The term “therapeutic” refers to a chemical material or compound which, when administered to an organism (human or animal) induces a desired pharmacologic effect. Included are derivatives and analogs of those compounds or classes of compounds specifically mentioned that also induce the desired pharmacologic effect. In particular, the therapeutic may encompass a single biological or abiological chemical compound, or to a combination of biological and abiological compounds that may be required to cause a desirable therapeutic effect. Some examples are compounds used in oncology including those that with epigenetic action or “targeted molecular therapies” such as through inhibition of histone deacetylases (HDACs) and DNA methyltransferases (DNMTs) like valproic acid and or decitabine.

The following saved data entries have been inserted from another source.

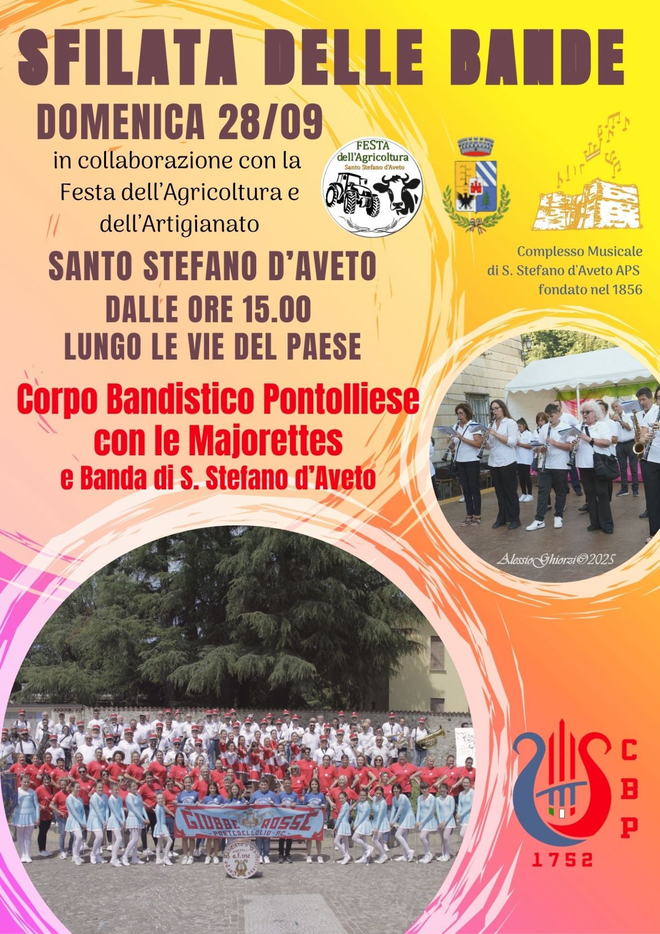 Domenica 28 settembre, a partire dalle ore 15.00, lungo le vie di Santo Stefano d’Aveto, si terrà la Sfilata delle Bande, in collaborazione con la Festa dell’Agricoltura e dell’Artigianato.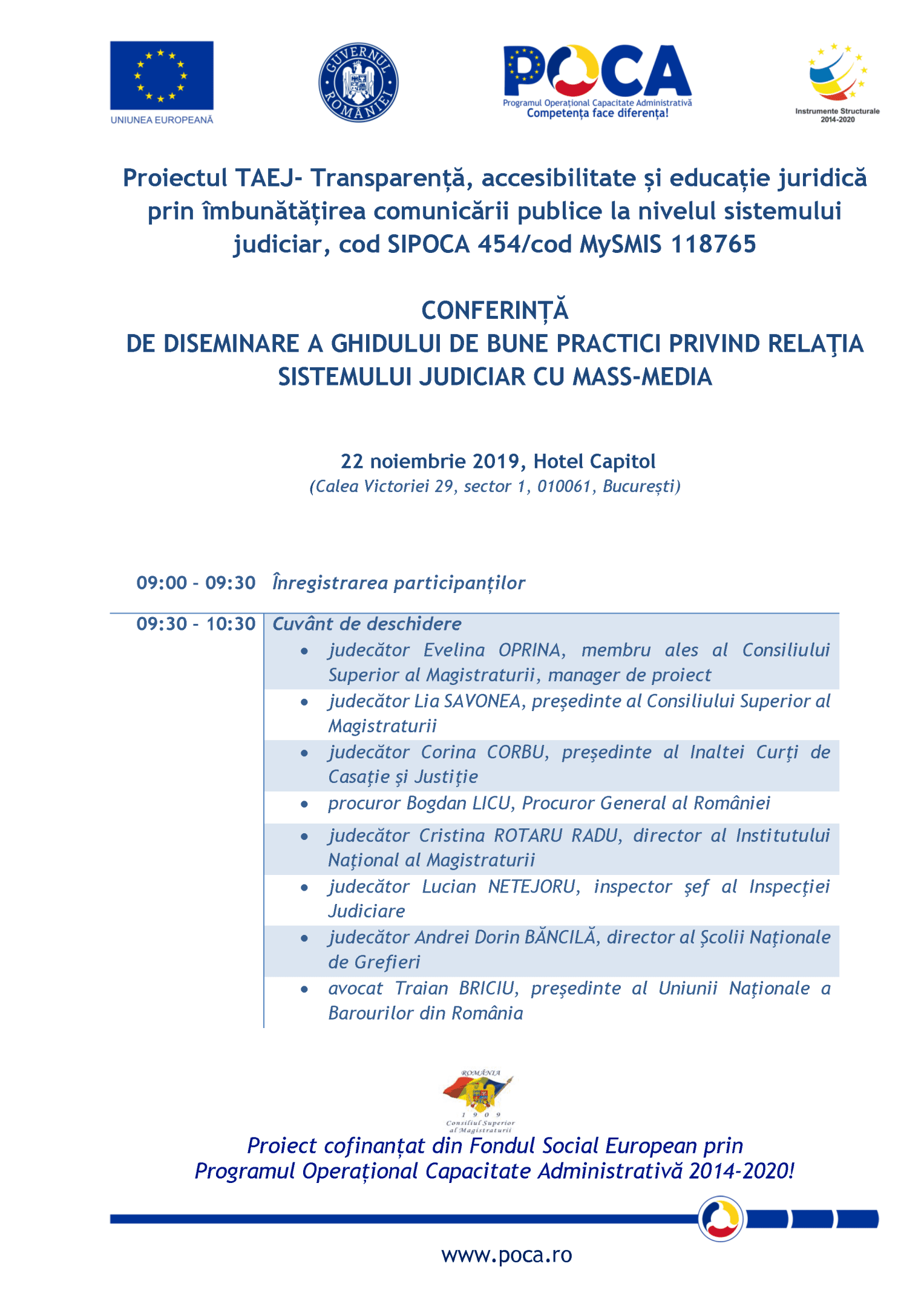 Conferința pentru diseminarea Ghidului de bune practici privind relaţia sistemului judiciar cu mass-media organizată de Consiliul Superior al Magistraturii
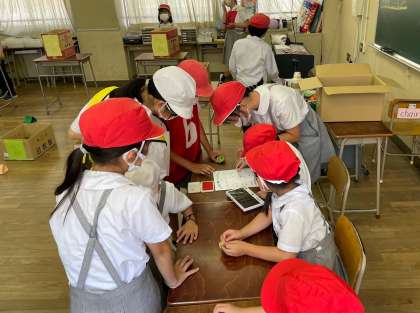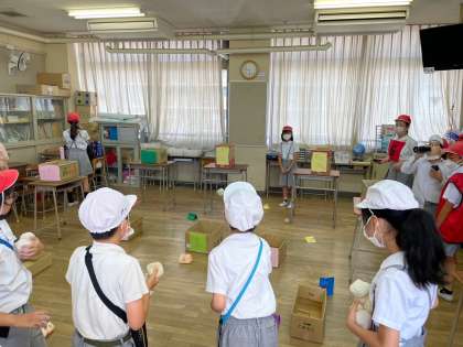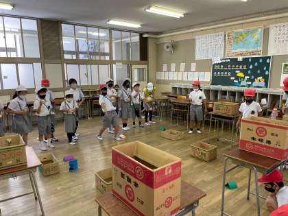 「まとあて」コーナーです。こちらのまとあては、得点の書かれた箱に玉を投げ入れます。なかなかむずかしいので、入るとみんなが大喜びです。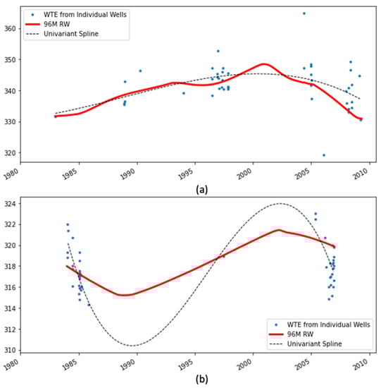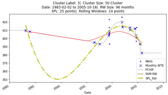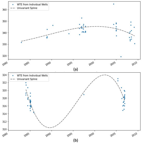 Even with a large fitting parameterfor time series that have a long gap between clusters of data points, such as the data set in Figure 9b, the univariate spline will often result in an overshoot and/or an undershoot regardless of the knot parameters. To address this issue, we used a different interpolation method called the Piecewise Cubic Hermite Interpolating Polynomial (PCHIP) []. PCHIP interpolation is often selected to interpolate and resample environmental data over other methods such as cubic splines or linear interpolation as it provides a continuous curve and does not exceed the local physical data bounds. In other words, the PCHIP interpolation does not create an overshoot or undershoot that commonly occurs with cubic splines. However, unlike the spline method proposed above, it honors all the data points, so any given date can only have a single point and this approach often creates wide oscillations in the interpolation as the interpolating spline moves from data point to data point. To resolve these issues, we first averaged the WTE values at each pseudo-well to unique monthly values for any month that had data and then applied the PCHIP interpolation to generate values at each month.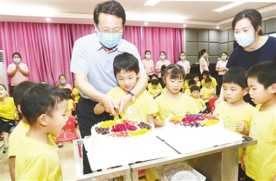 6月1日,市委書記蒿慧杰在市兒童福利院與小朋友們一起切蛋糕并分享節(jié)日快樂。記者 王慶建 攝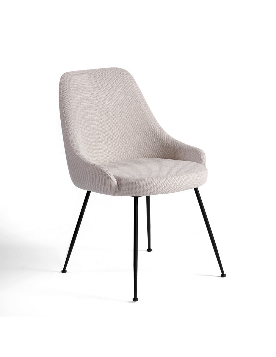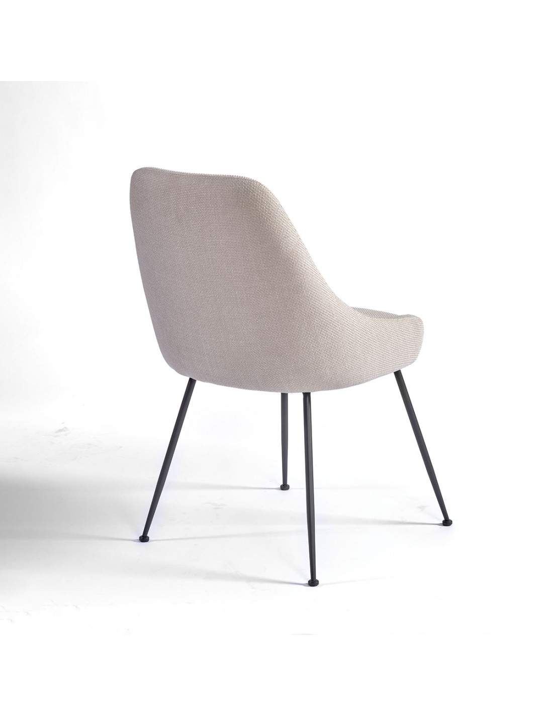 Silla de comedor tapizada gris piedra con pata de metal negra. Una silla de líneas sencillas para comedores minimalistas con un toque moderno. Altura de sentada: 49cm.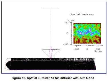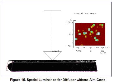 最后,为了改善显示的均匀性,有时在导光板顶面使用扩散板。由于扩散板将光扩散到更广的角度上,散射到亮度计光圈的光就少了,而按照常规显示器亮度测试方法,需要非常大的光线数量作亮度计算。LightTools软件将目标区域或角度与散射表面对应,使用户可以指定哪些散射应该考虑。这是一个重要的采样形式,也是改进蒙特卡洛模拟收敛性的另外一种方法。 图15显示了一个亮度计,和带有扩散板的背光,没有指定目标角度。追迹2000条光线,亮度计接收到40条光线,空间亮度的光栅如图所示。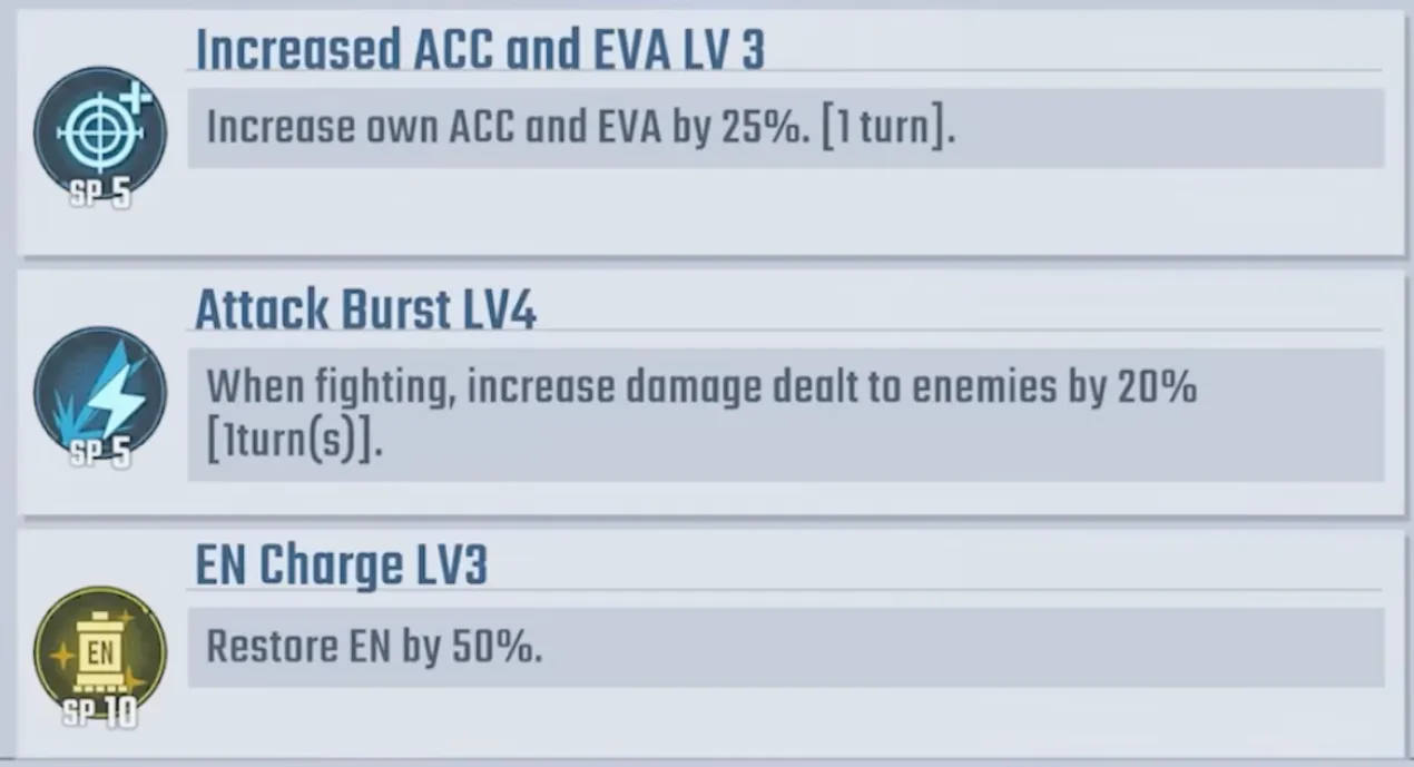 - Attack Burst LV4 (SP5): Damage dealt +20% (1 turn).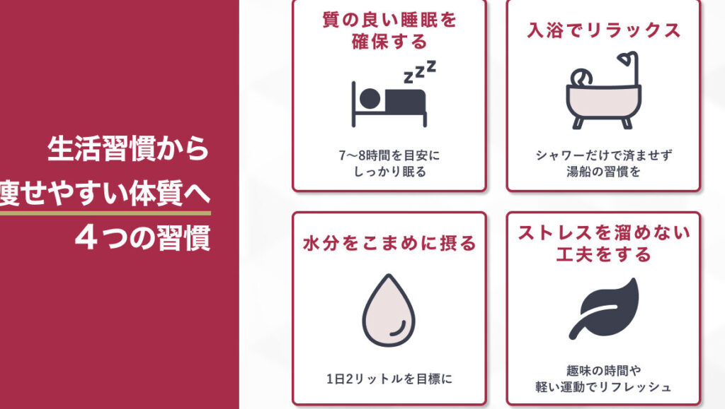 私たちが「何もせずに痩せたい」という願望を持つのは自然なことです。この夢を実現するためには、日常生活の小さな改善が鍵になります。睡眠や食事、ストレス管理を見直すことで、体は自然に脂肪を燃焼しやすくなります。

The structural layer controls generation of a replacement external organ, such as skin. A structural layer is preferably used when a limited space will be required to control tissue formation from cell growth and to protect the organ from the environment. The structural layer may also contain an acellular matrix of an organ.
The polymer film is preferably an EHD-coated carrier of the components of the structural layer and is preferably a bioabsorbable transparent polymer. The polymer film preferably comprises a synthetic film such as polyurethane, poly tetrafluoroethylene, extended poly tetrafluoroethylene, copolyester, ethyl vinyl acetate, polyether block amides, polycaprolactone, polylactide, polyglycolide, or cellulose derivative. In a preferred embodiment the polymeric film is ethyl vinyl acetate.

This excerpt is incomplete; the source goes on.